4.3. Mounting language

All object names in the OSS Bucket are saved after UTF-8 encoding. The mounting service can convert the character sets. You have to specify the character set to be used by the application in cluster/job description. Only after the character set is converted by the mounting service can the application access the correct file.

Note that the character set used by the application may be different from the default character set of the operating system. For example, if an application in Traditional Chinese runs on an operating system in simplified Chinese, the character set must be BIG5. In this way, the mounting service automatically converts the UTF-8-encoded path and file name in the OSS Bucket to BIG5-encoded one. Although the file name in the mounted disk is gibberish in the operating system, the file name accessed by the application is correct.

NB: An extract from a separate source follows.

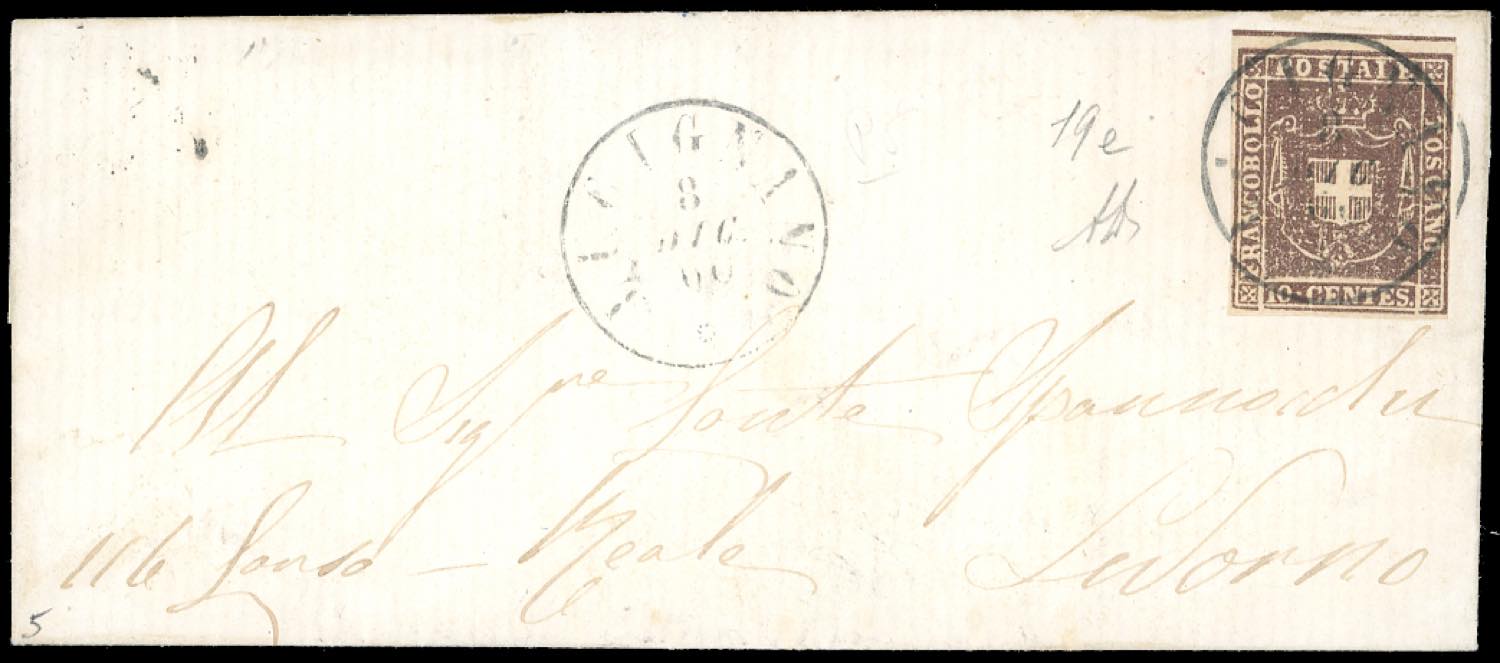 1860 - 10 cent. bruno, linea di riquadro orizzontale in alto (19f), perfetto, su lettera da Lucignano 8/12/1860 a Livorno. A.Diena.

The character set conversion function affects only the file name. It has no impact on the file content.

4.4. File lock

The NFS-based DOS Share and file lock affect the performance. In case of frequent I/O operation, you are recommended to disable the file lock by adding the nolock option during mounting. However, some applications such as 3DSMAX must use the file lock because the application execution may fail if the file lock is disabled.

4.5. File mounting

To mount a separate file in the OSS Bucket to a local file of the VM, make sure that the local directory reachable for all files is not the parent directory to which another file or directory is mounted.

4.6. Other conventions

  • When an OSS application is running, do not modify the mounted folder which is being accessed by the application; otherwise, a conflict may occur. Any modification (including but not limited to, deleting or modifying the file content, intercepting a file, or appending the file content) to the data being accessed by the application may result in application running failure.

  • The OSS Bucket capacity is approximately infinite. The current disk usage statistics collected by the operating system do not indicate the current usage of the bucket of the OSS Bucket, and thus is of no significance.

  • Multiple directories in the same bucket can be mounted to different places at a time.

  • Content of multiple buckets in the same account can be mounted to different places at a time.

  • Files of only one account instead of multiple accounts can be mounted at a time.